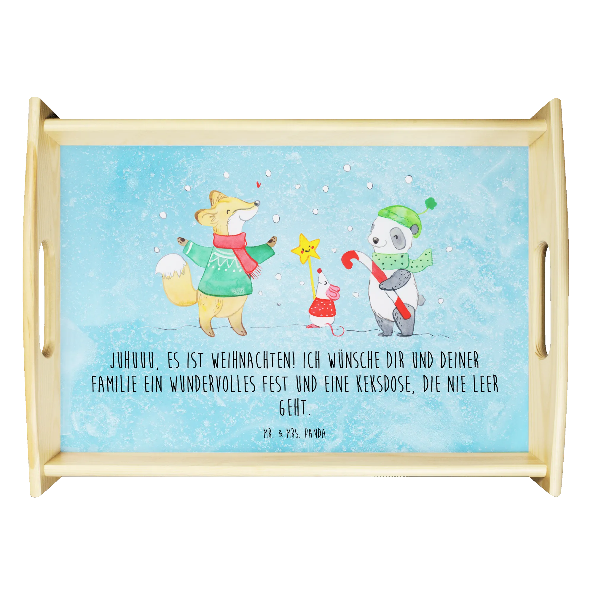 Zauberhafte Weihnachtsstimmung für dein Zuhause: Unser Serviertablett „Winter Weihnachtsfreude“ von Mr. & Mrs. Panda zeigt einen fröhlichen Fuchs, eine Maus und einen Panda im Schal, die im Schnee die Vorfreude auf Weihnachten teilen. Dazu gehört der liebevolle Spruch: „Juhuuu, es ist Weihnachten! Ich wünsche dir und deiner Familie ein wundervolles Fest und eine Keksdose, die nie leer geht.“ Dieses Tablett vereint liebevolles Design mit funktionaler Alltagstauglichkeit.
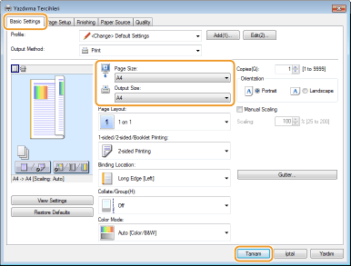 [Output Size] öğesinden kağıt boyutunu seçin.
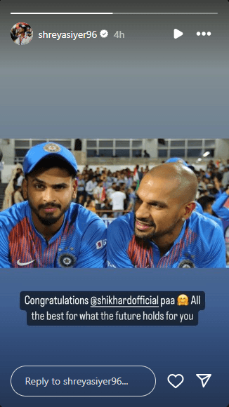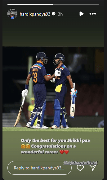 भारतीय टीम के स्टार ऑलराउंडर हार्दिक पांड्या ने भी धवन को शुभकामनाएं देते हुए लिखा, ‘शिखी पा, आपके लिए ढेर सारी शुभकामनाएं. शानदार करियर के लिए बधाई.’ एक अन्य प्रतिभाशाली भारतीय बल्लेबाज श्रेयस अय्यर ने भी इसी तरह की भावनाएं व्यक्त करते हुए अपने आधिकारिक इंस्टाग्राम प्रोफाइल पर एक स्टोरी पोस्ट की, जिसमें लिखा, ‘बधाई हो @shikhardofficial पा. भविष्य के लिए आपको ढेर सारी शुभकामनाएं.’
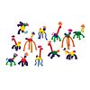 Cuerpos, cabezas, patas, colas y crestas para montar los animales más simpáticos y extravagantes. Fácil sistema de anclaje, a modo de rótulas. Favorece la imaginación y la destreza manual.
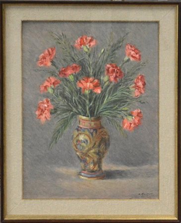 "Vaso con fiori" olio su tela (cm 66x50) Firmato in basso a destra. In cornice
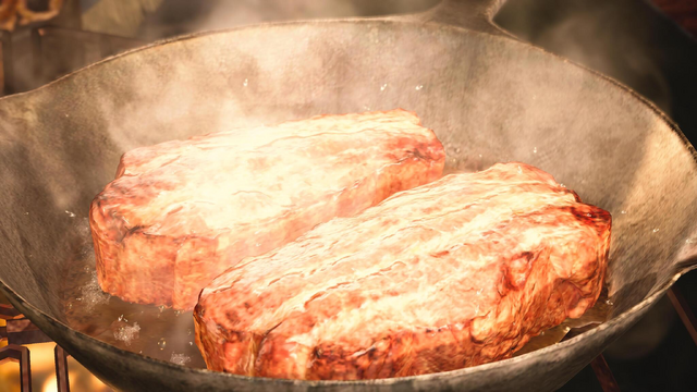 余計なものが一切ない、肉々しさ極まる料理ですが、口にした時の満足感は狩りの疲れが吹き飛ぶほどです。濃厚な脂とバターは舌が溺れるほどにジューシーですが、飢えた喉が瞬く間に飲み干し、次の肉をと声なき叫びが上がります。
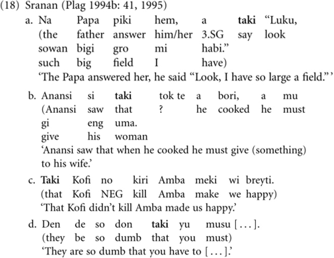 The initial stage of this development in Sranan falls into a period probably dating from 1780 to 1850. In (18a), taki is suggestive of a quotative marker (stage 1), although it can still be understood in its literal sense (stage 0). Sentence (18b) shows the use of taki as an object complementizer (stage 2), while (18c) is an example of the subsequent stage of a marker of subject complement clauses (stage 4). Finally, in (18d), taki has acquired the function of an adverbial clause subordinator.
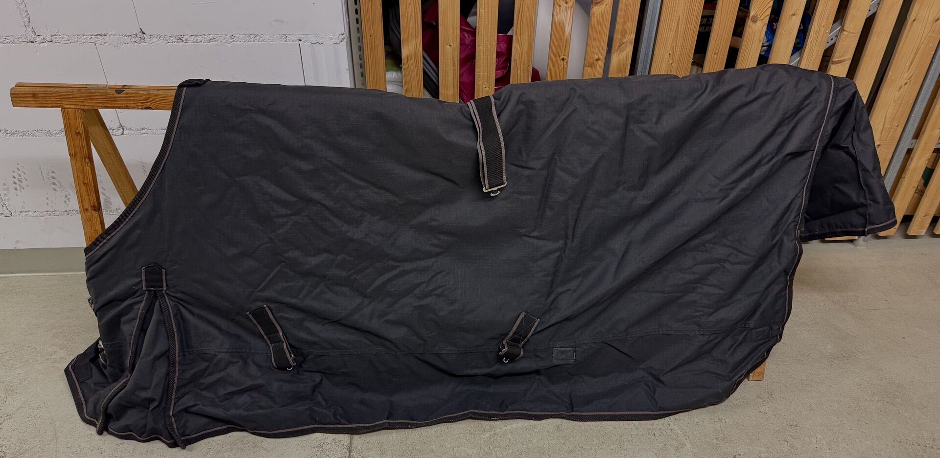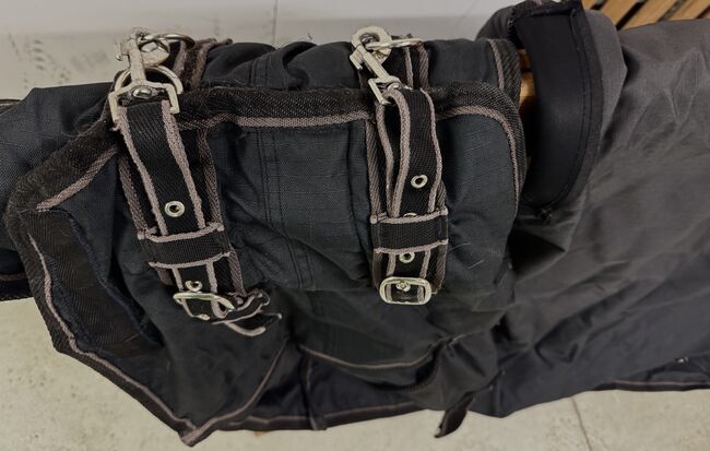 Koopje <3 Warme outdoor winterdeken, waterdicht, gereinigd, - De volgende winter komt er zeker weer aan, misschien met dit koopje? Outdoor winterdeken, waterdicht, schoongemaakt, gebruikt in goede staat. Zwart. Slechts 1 winter gebruikt. 220 gr 145 cm, Kijk maar naar de foto's (staartbescherming, plooien, singel, veel gespen,...) Professioneel gereinigd en klein vlekje aan de voorkant. NP was 99€ Rookvrij huishouden, droog opgeslagen in de kelder.
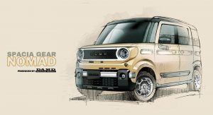 The extra parts enhance the SUV-inspired look of the Spacia Gear, with the underpinnings remaining virtually unchanged. In its most powerful guise, the hybrid turbocharged 658 cc engine produces 63 hp (47 kW / 64 PS) and sends power to all four wheels through a CVT gearbox. The “Nomad” will be available for sale starting from March 2022.
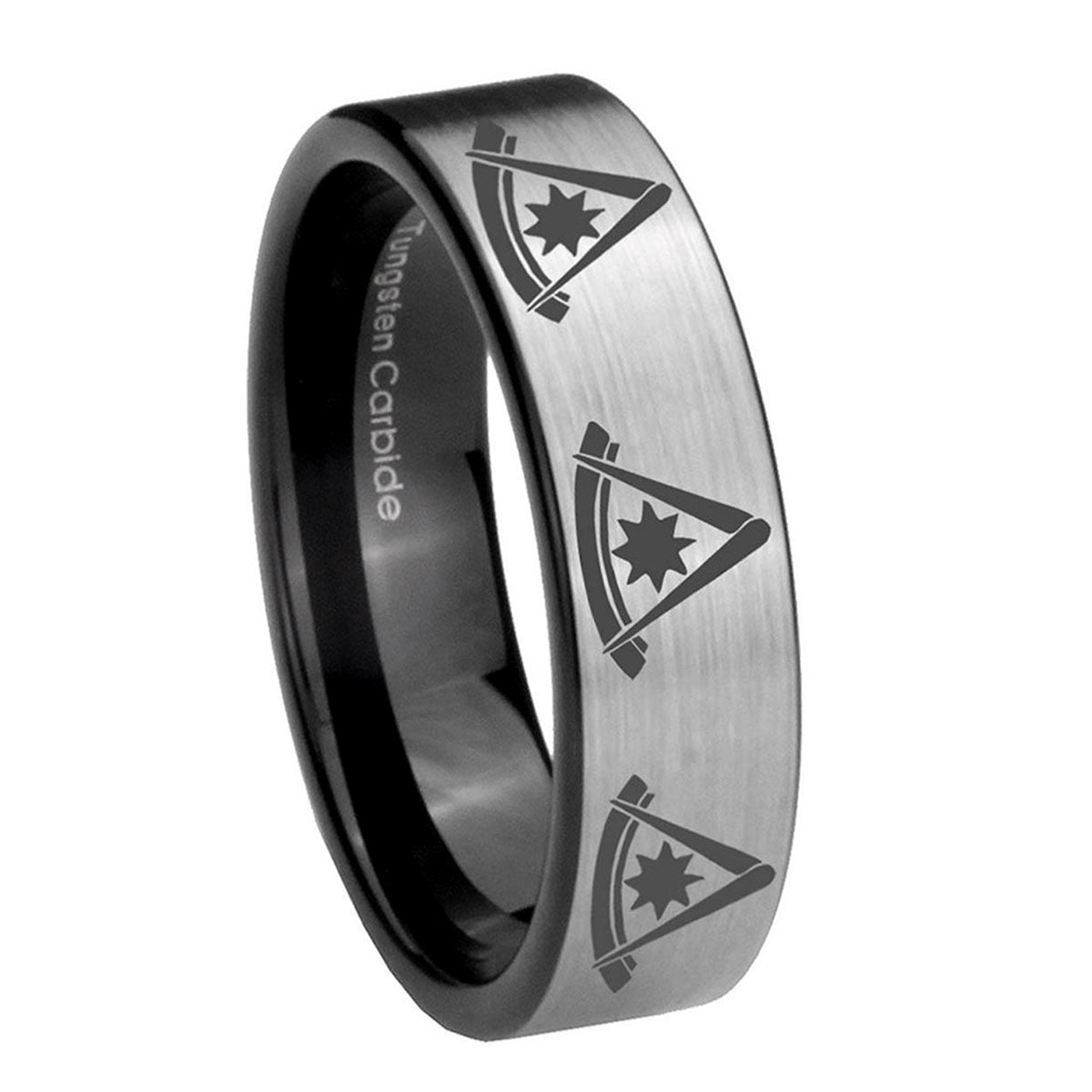 Intruding 6, 8mm Multiple Pester Master Masonic Pipe Cut Brushed Silver Tungsten Bands Ring . Offer in both 6mm and 8mm band width brushed silver and black plated finished from size 5 to 14
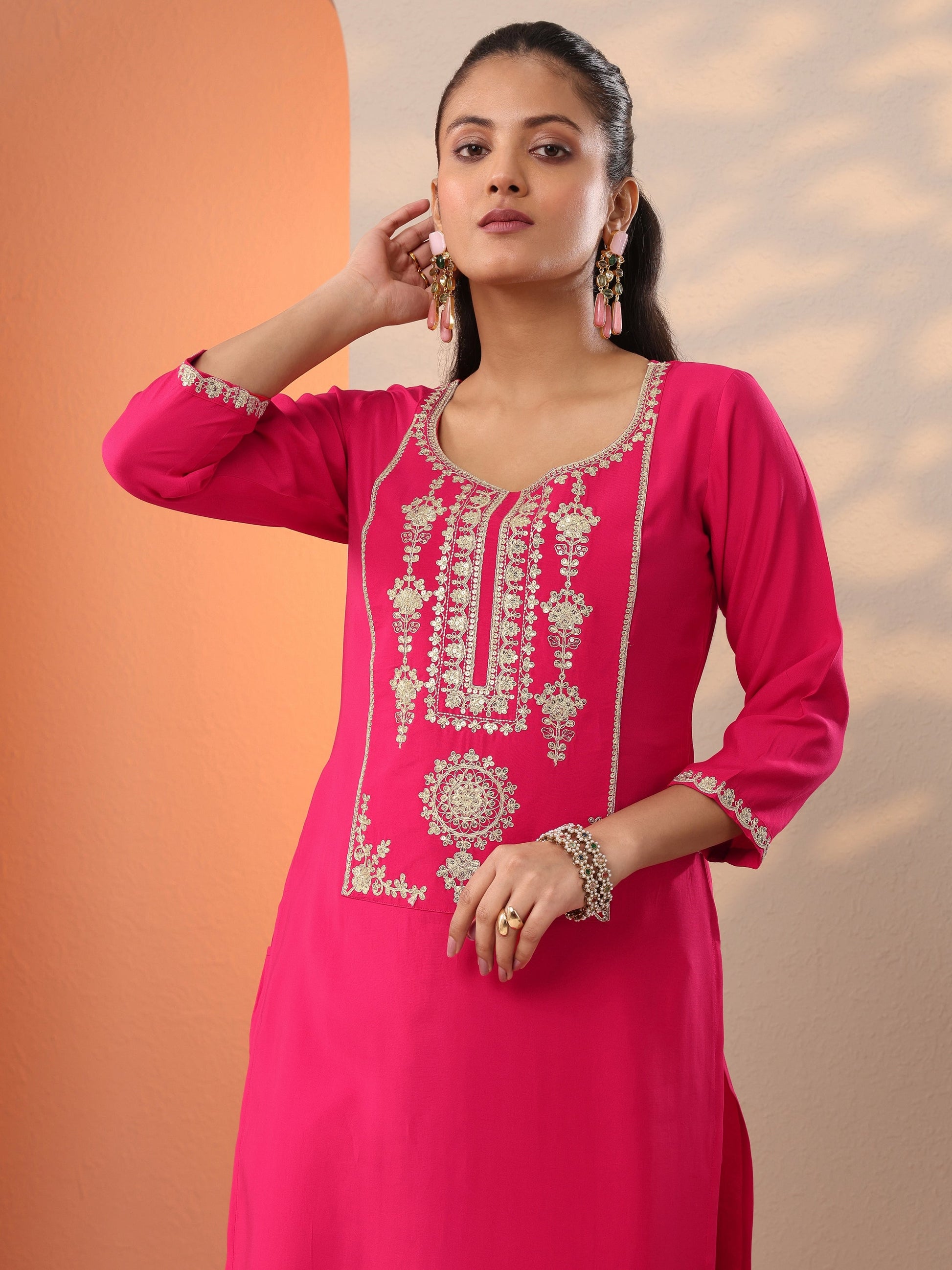 Pink Embroidered Silk Blend Straight Suit Set With Dupatta
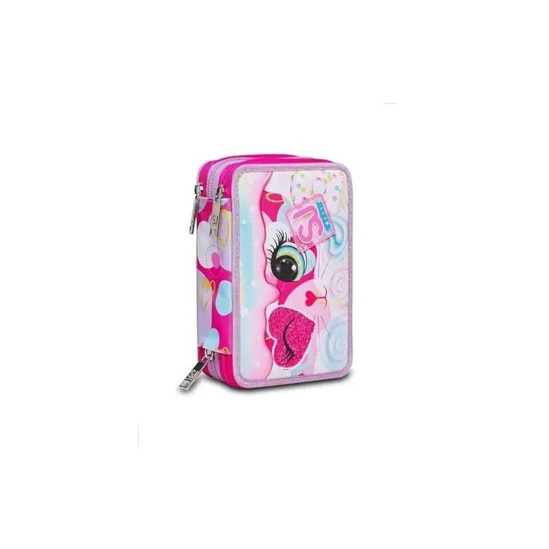 Ciao Sono il coloratissimo Astuccio 3 zip SJ Gang Dotato di 3 scomparti completi di tutto il materiale necessario per fare al meglio i tuoi lavori di scuola puoi abbinarmi a uno zaino o a un trolley SJ Gang
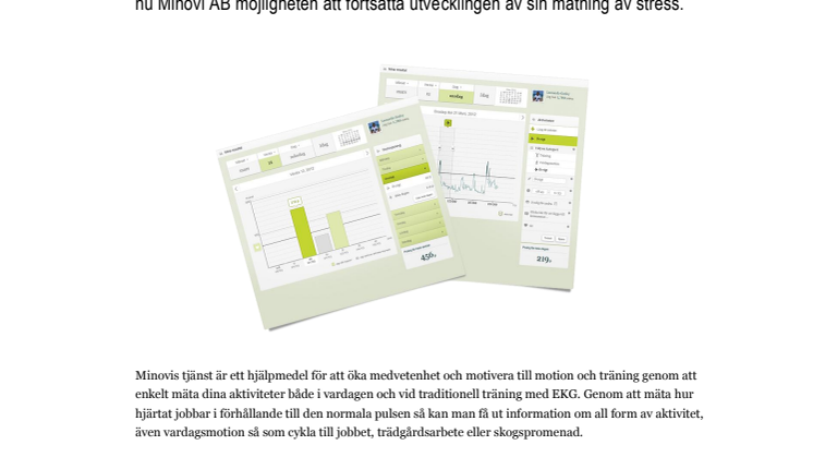 Minovis tjänst är ett hjälpmedel för att öka medvetenhet och motivera till motion och träning genom att enkelt mäta dina aktiviteter både i vardagen och vid traditionell träning med EKG. Genom att mäta hur hjärtat jobbar i förhållande till den normala pulsen så kan man få ut information om all form av aktivitet, även vardagsmotion så som cykla till jobbet, trädgårdsarbete eller skogspromenad.

+++

TASK GOAL — Return word for word the line bearing "The extra parts" and every later line of the entries, but none of the pictures.

OUTPUT OF THE EXERCISE —
 The extra parts enhance the SUV-inspired look of the Spacia Gear, with the underpinnings remaining virtually unchanged. In its most powerful guise, the hybrid turbocharged 658 cc engine produces 63 hp (47 kW / 64 PS) and sends power to all four wheels through a CVT gearbox. The “Nomad” will be available for sale starting from March 2022.
 Intruding 6, 8mm Multiple Pester Master Masonic Pipe Cut Brushed Silver Tungsten Bands Ring . Offer in both 6mm and 8mm band width brushed silver and black plated finished from size 5 to 14
 Pink Embroidered Silk Blend Straight Suit Set With Dupatta
 Ciao Sono il coloratissimo Astuccio 3 zip SJ Gang Dotato di 3 scomparti completi di tutto il materiale necessario per fare al meglio i tuoi lavori di scuola puoi abbinarmi a uno zaino o a un trolley SJ Gang
 Minovis tjänst är ett hjälpmedel för att öka medvetenhet och motivera till motion och träning genom att enkelt mäta dina aktiviteter både i vardagen och vid traditionell träning med EKG. Genom att mäta hur hjärtat jobbar i förhållande till den normala pulsen så kan man få ut information om all form av aktivitet, även vardagsmotion så som cykla till jobbet, trädgårdsarbete eller skogspromenad.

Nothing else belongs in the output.